Soldiers got tattoos to show their devotion to their units (and tolerance for pain); now the rallying cry for body art is "self-expression."

Yeah, because devotion to the government is soooo much better than self-expression. Oh no! That dude is thinking for himself! Draft him now!


Equally mystifying to me is the insistence women have for placing tattoos in out-of-the-way places. ... All the women I know with tattoos place it somewhere that only extremely low-cut attire can reveal. In essence, they get tattoos that no one can see unless they want them to.

Does this dipshit not understand women at all? Did it ever occur to him that perhaps they're getting these tattoos not for him to jerk off over when they are seen by him in the street, but to be sexy with their partner in private? It should be pretty damn obvious — has he never heard of lingerie? Or is he angry that people wear lingerie under their clothes, not on top?


The race is currently on to find the next big piercing spot -- the one that all the rebels around will flock to have perforated. The first big thing was the gender-crossing: men -- straight men -- with earrings! Then we had multiple ear piercings; then nose rings borrowed from the bovine world...

Oh no! Men getting earrings — are they “trannies”? Are they “queers”? Straight men are defiling themselves this way? Oh no! Oh no! Anyway, it's one thing to whine about piercing, but to just fabricate piercing trends and piercing history to make one's case seems a little lame.


What's wrong with the way God made us?

Ah, the faith-based argument, last bastion of the whining babies. God — if we're to believe the Christian Bible — has no problems with you piercing or tattooing yourself… And if we're to believe the texts of other holy books, the same holds in the vast majority of them.
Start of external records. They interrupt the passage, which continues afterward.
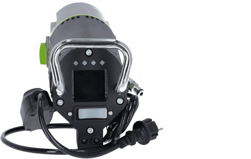 - Wyświetlacz LCD - wyświetlacz podaje wiele istotnych parametrów pracy, takich jak napięcie i moc pobieranego prądu, temperaturę czy licznik czasu pracy
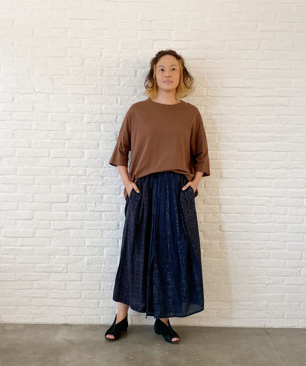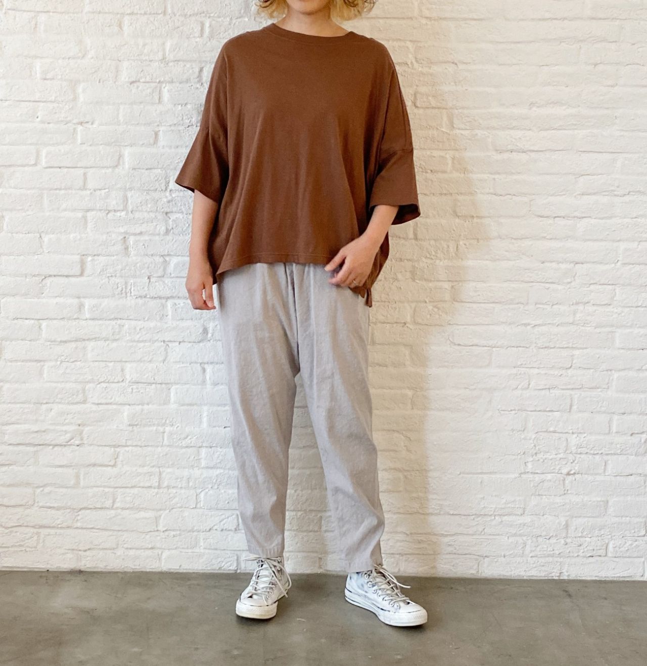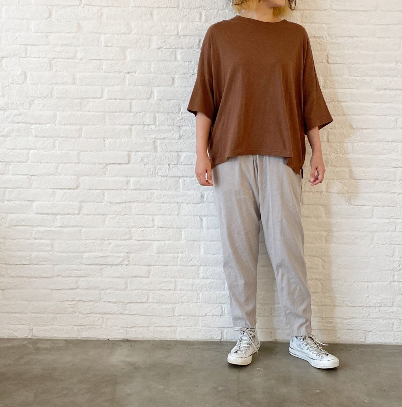 本日は、昨日のブログ でご紹介した植物染めTと同じシリーズのワイドTシャツで、SUMMER SALE ×除外品 の着回しコーディネートを。
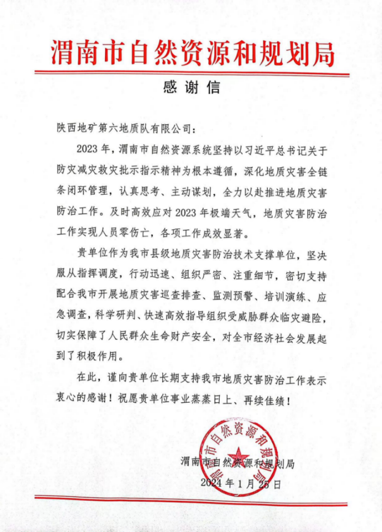 2024年1月26日,渭南市自然資源和規(guī)劃局向我公司發(fā)來感謝信,對陜西地礦第六地質(zhì)隊有限公司為渭南市地質(zhì)災(zāi)害防治工作做出的貢獻和辛勤付出表示衷心的感謝。
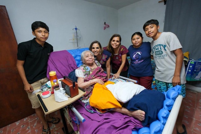 La gobernadora Mara Lezama Espinosa y la presidenta honoraria del Sistema DIF Quintana Roo, Verónica Lezama, visitaron a la abuelita María Magdalena, de 88 años de edad, a quien le entregaron una grúa hidráulica para mejorar sus condiciones de vida.
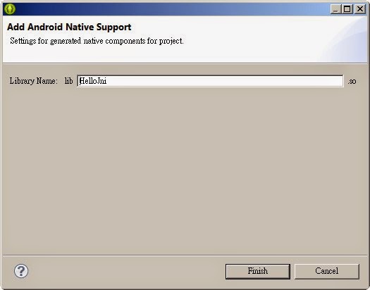 圖8 lib: HelloJni 預設跟專案同名 -> Finish
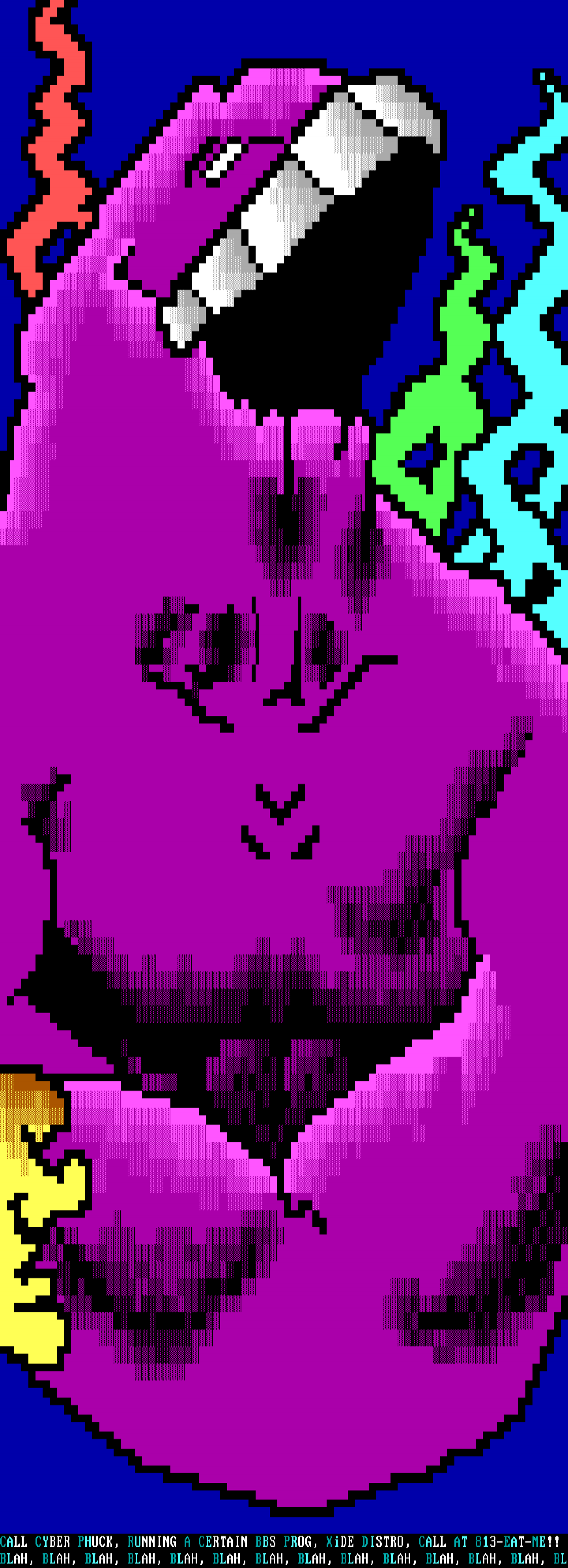 CALL CYBER PHUCK, RUNNING A CERTAIN BBS PROG, XiDE DISTRO, CALL AT 813-EAT-ME!!
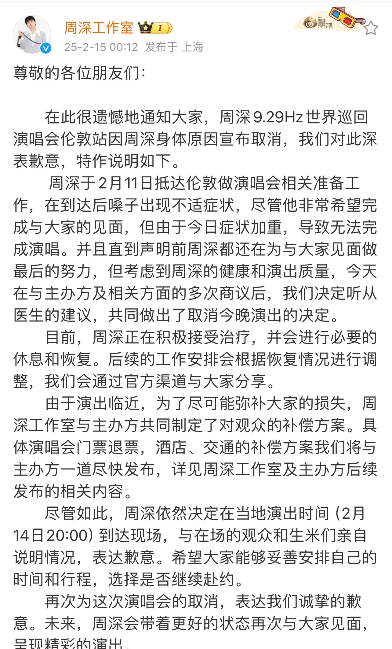 15日,周深工作室(明星經(jīng)紀(jì)公司)發(fā)布聲明,稱(chēng)原定于當(dāng)?shù)貢r(shí)間2月14日20點(diǎn)(北京時(shí)間2月15日4點(diǎn))的倫敦演唱會(huì)因周深身體原因宣布取消。
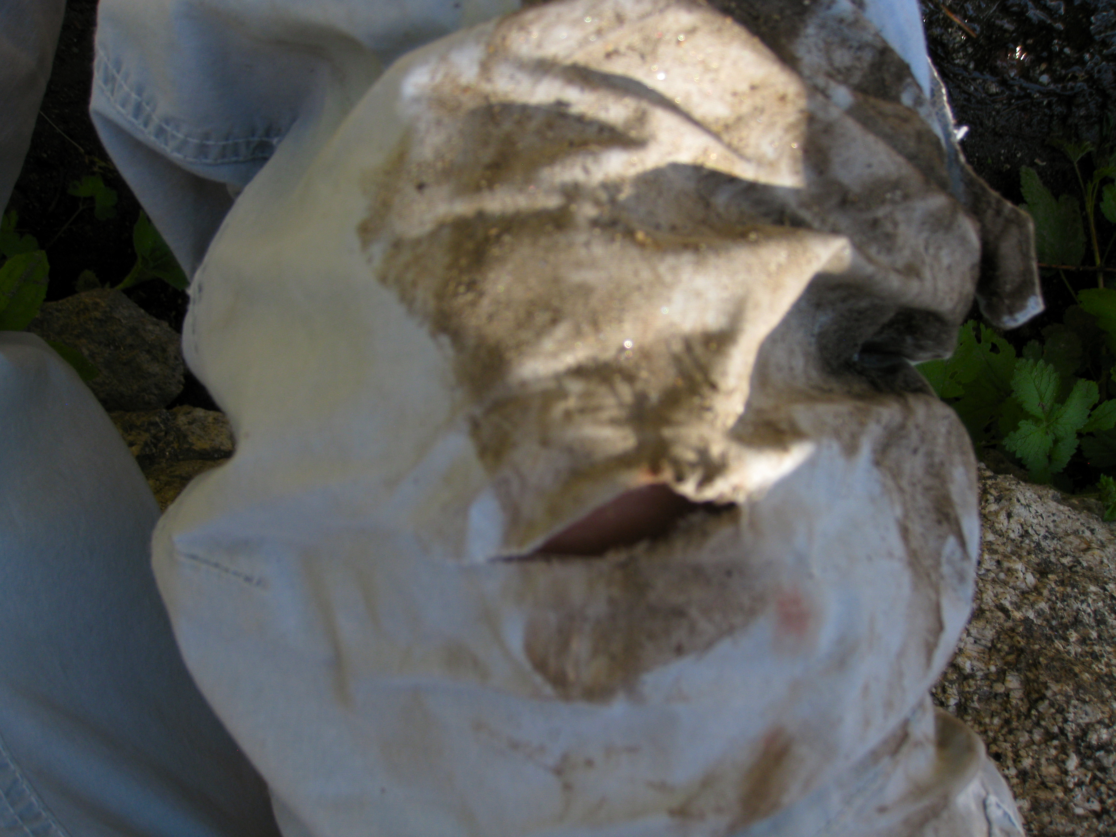 We donned our packs and headed out, feeling invigorated and as strong as when we started.  We had 4.5 miles to get back, making a nine mile trek and we began talking more seriously about planning and tackling longer, more challenging hikes to the peaks in our ‘hood.  In fact, when we had two more miles to get down, I was remarking how strong and fit I felt after a pretty strenuous hike and I swear I had a spring in my ste – whoops!  I slipped off a wet rock and rather than help me stabilize, my trekking poles seemed to get tangled and I went down HARD – ripping my really cute hiking pants! – as well as a hole in my knee and ankle and jarring my pinky, which was caught in the poles. I was laying there in the mud of a small stream trying not to cuss – or rather not verbalizing the profanity that was running through my head – and tapped the floor in a silly attempt to chase the pain away…like shooing away bad spirits!
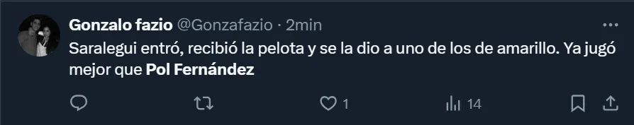 A pesar de que acertó el 90% de los pases que brindó hacia sus compañeros, Pol Fernándezfue duramente cuestionado por los fanáticos que comentaron las diversas acciones del encuentro a través de X, la antigua app conocida como Twitter. En el tiempo que disputó en el Jorge Luis Hirschi, el mediocampista solamente perdió 4 veces la posesión del balón, por lo que desde lo estadístico su actuación fue regular.
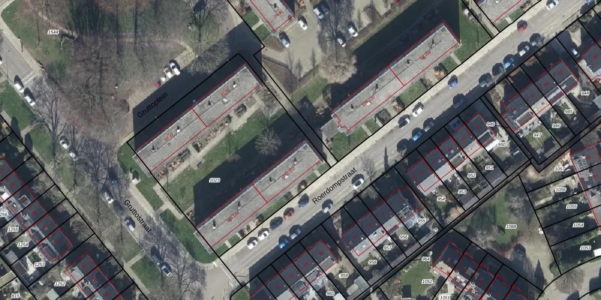 Het perceel waarop Roerdompstraat 126 staat heeft een oppervlakte van 2349 m². Dit is een zeer groot perceel. De perceeloppervlakte wordt geregistreerd door het Kadaster. Gedetailleerde informatie over de maten van dit perceel kunt u vinden in het rapport Kadastrale kaart met maatvoering van Roerdompstraat 126.
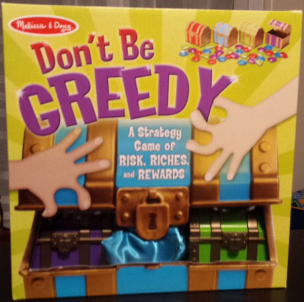 Push your luck game for kids by Melissa and Doug. Players take turns drawing jewels from a bag to put in their treasure chests. If they draw a frown they have to put their treasure back in the bag.
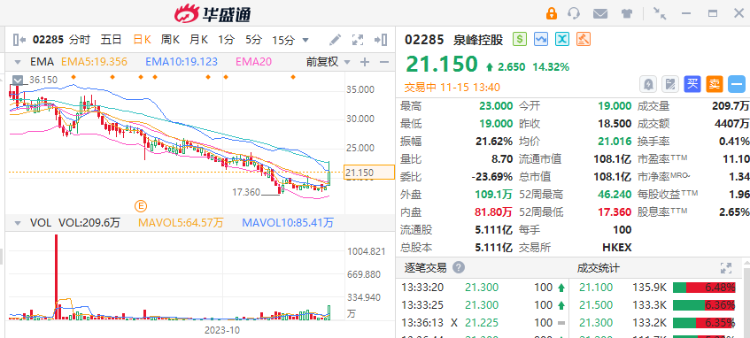 11月15日讯,港股泉峰控股(02285)触底反弹14%,截至发稿,报21.15港元,成交额4407万港元。

This all, combined with Alex Watson's other whining articles (“there's too much profanity on TV”), leads me to the inevitable conclusion that Alex Watson is simply another prejudiced moron.

And now for something lighter to finish off this update; an email I received this morning:


Subject: did it hurt
From: faye loughrey

Hi shannon my name is faye u sound nice i wondered iwant my belly dun my parents will let me but it is sssssssssssoooooooooo long to wait i av got to wait till 2 weeks before xmas please cud u help
      luv faye

Um… Wouldn't that mean you only have to wait three days?